A major wake-up call for women and their health providers came in July 2002, when the results of prospective, randomized, Woman’s Health Initiative trials overturned findings from many other non-randomized studies. Prior studies had shown that women who had previously taken estrogen and progestin had less heart disease than those who did not. But the WHI study found otherwise: the large (more than 161,000 women) clinical trial found that those who were randomized to take the drugs had slightly more heart disease, as well as an increased risk of breast cancer. These findings were significant enough to prompt the discontinuation of the trial. The findings of the initial studies were attributed to a “healthy user” effect: women who choose to take any medication for years, regardless of what it is, are different from those who do not. The comparison between users and non-users of estrogen and progestin was therefore inadvertently comparing conscientious, health-savvy women with women who were less concerned or informed about their health. As pointed out in an article published in the British Medical Journal, “drug treatment may be a surrogate for overall healthy behavior,” and those who adhere to healthy lifestyles may possibly “also tend to take care of themselves by greater adherence to prescribed treatments.”

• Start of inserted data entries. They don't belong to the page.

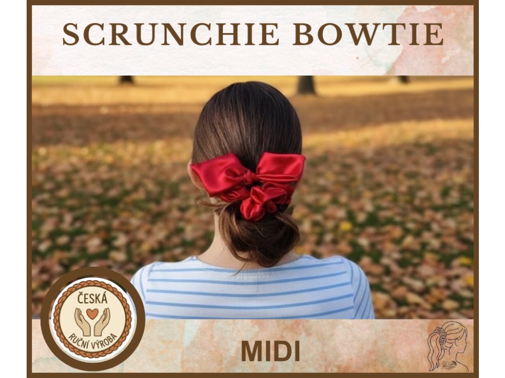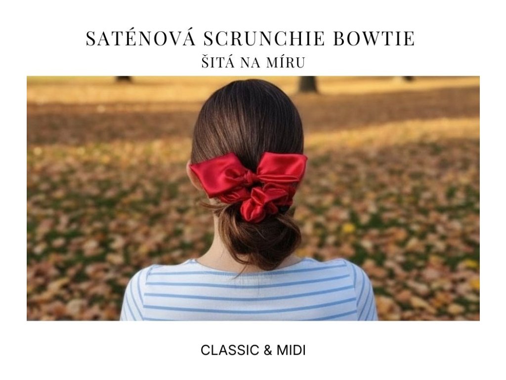 Scrunchie BowTIE je originální scrunchie s přidanou, zkrácenou mašličkou, která dodá vašemu účesu elegantní a hravý šmrnc. Každý kousek je ručně šitý v České republice z kvalitního saténu, který je šetrný k vlasům a dodává účesu elegantní vzhled.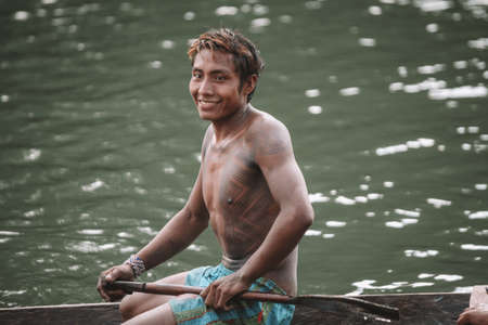 Indigenous caboclo man from an Amazon tribe in Brazil with tribal art painted on his body, riding canoe. Xingu River, Jogos IndÃgenas 2010.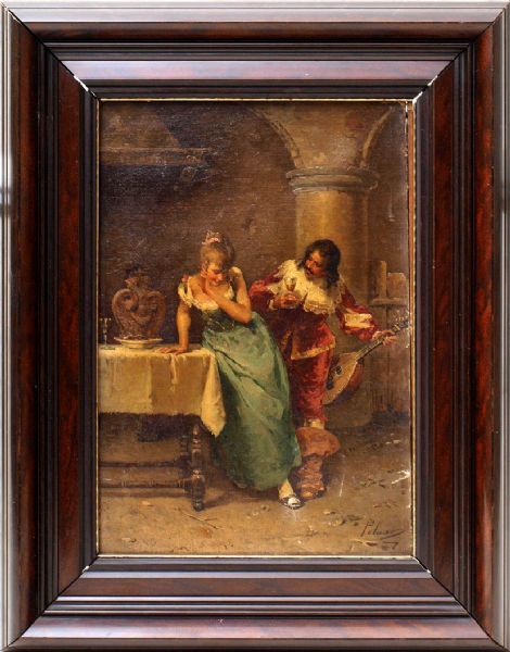 | Interieurszene in einem prächtigen Saal. Im Vordergrund ein Mandolinenspieler in mittelalterlicher Tracht, einem verschämt zu Bo | |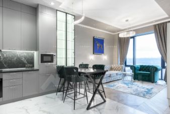 Новый ремонт выполнен в актуальном современном стиле. Высокие потолки 3,3 метра создают ощущение простора и наполняют комнаты светом. Практичная европланировка включает: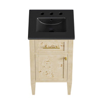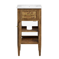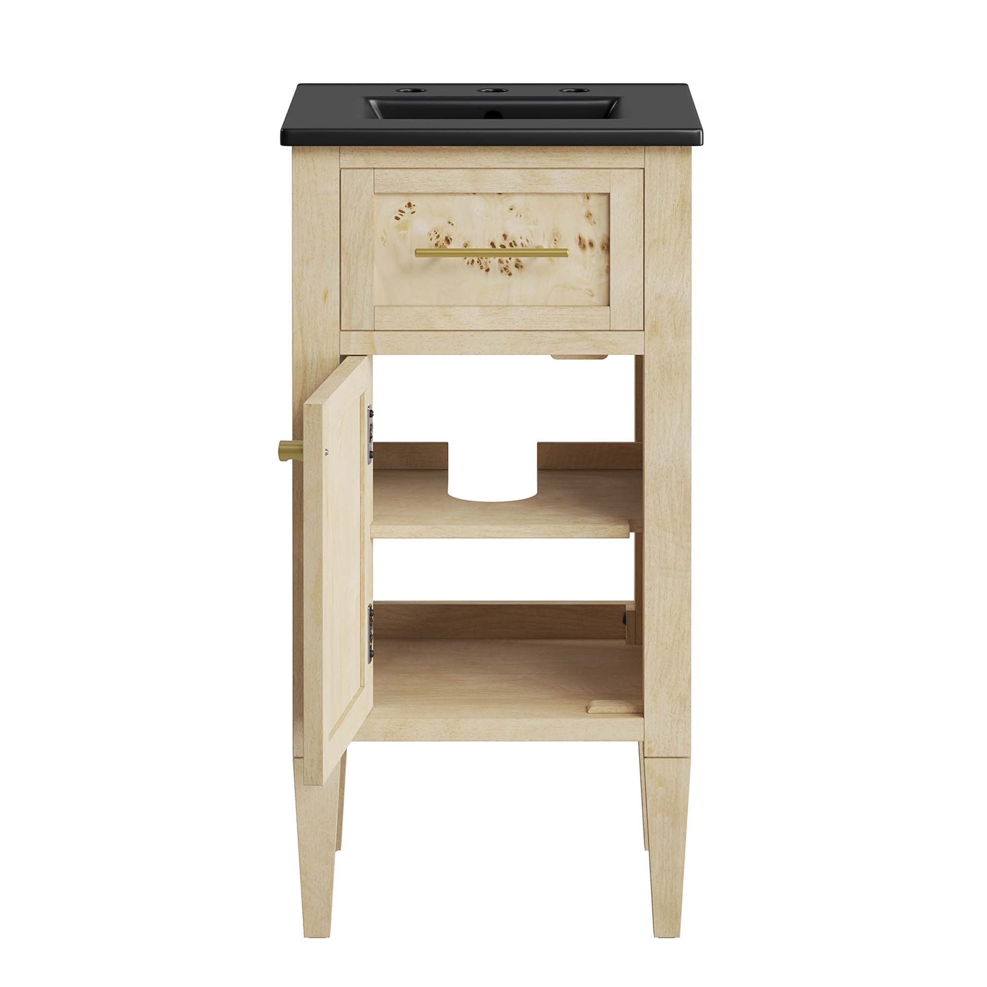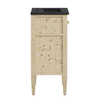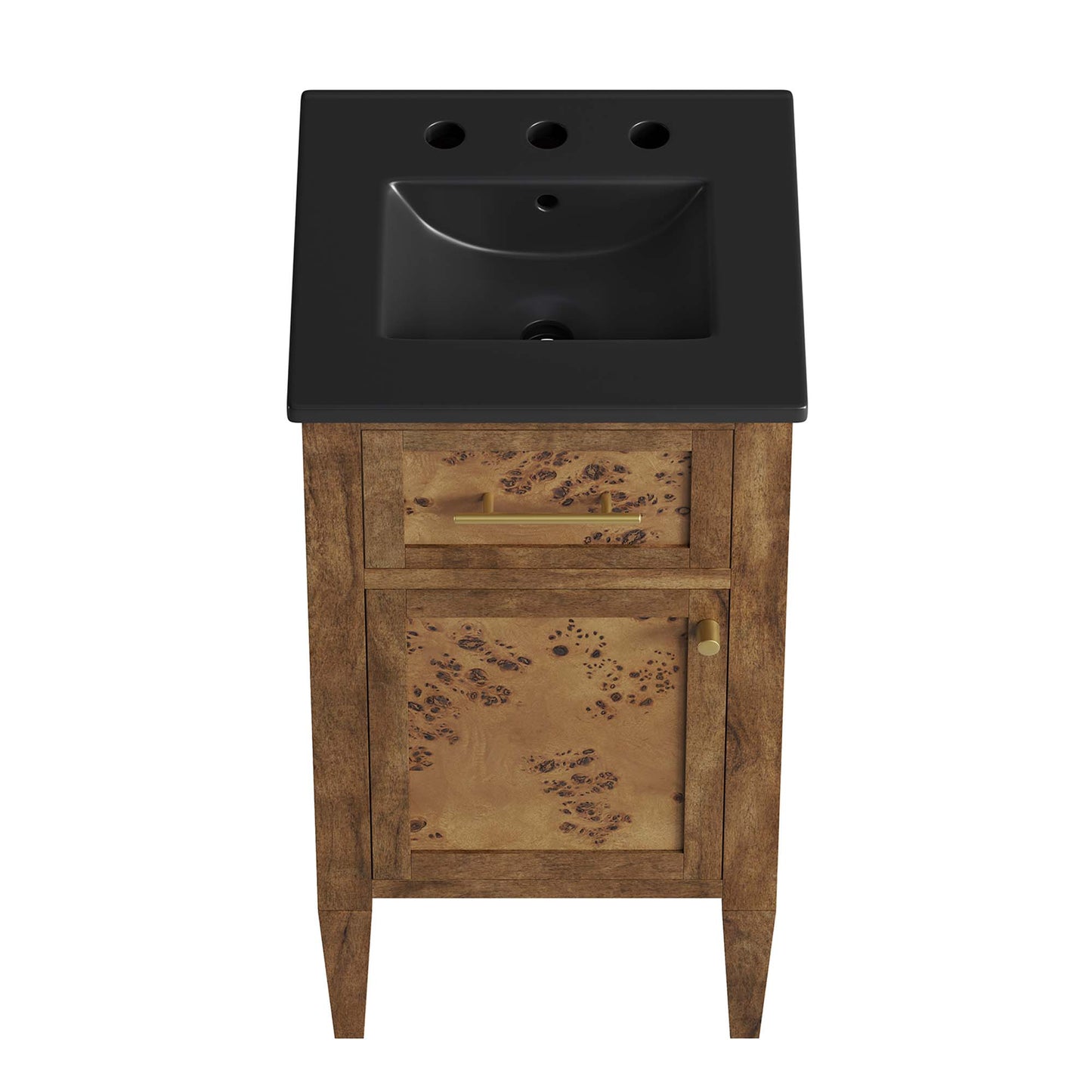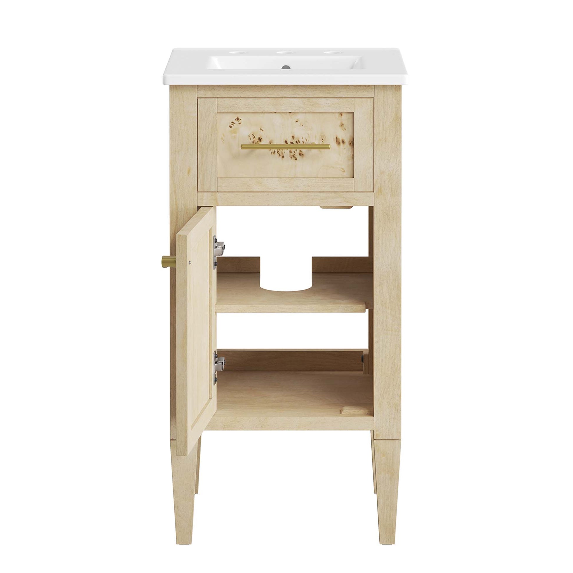 Discover the epitome of organic aesthetics and practicality with the Elysian 18" Burl Wood Bathroom Vanity. Each vanity cabinet is uniquely crafted from exquisite mango wood, further adorned with a rich burl wood veneer, radiating a distinctive charm and character. This bathroom vanity's centerpiece is an elegant ceramic sink basin, thoughtfully designed with an integrated countertop and 8" centerset holes ready for your choice of fixtures (not included). A fixed top drawer and tapered wood legs add to the sleek design, while the spacious shelving beneath–complete with a convenient plumbing cutout–offers ample storage space for all your bathroom essentials. While assembly is required, this vanity includes easy-to-follow assembly instructions.

The novelty effect refers to the impact of a new treatment or intervention simply because it is unique or new. It is therefore not the treatment itself that brings about a change, but rather its novelty: the person receiving it may be reacting to it solely because it is new and different.
These phenomena can be useful. But they can also play tricks on patients, practitioners, and researchers alike, complicating the evaluation of therapeutic impacts and making it difficult to disentangle causes and effects. As seen in the case of hormonal treatment for the menopause, what was originally thought to be useful and disease-protective drugs turned out to be extremely harmful.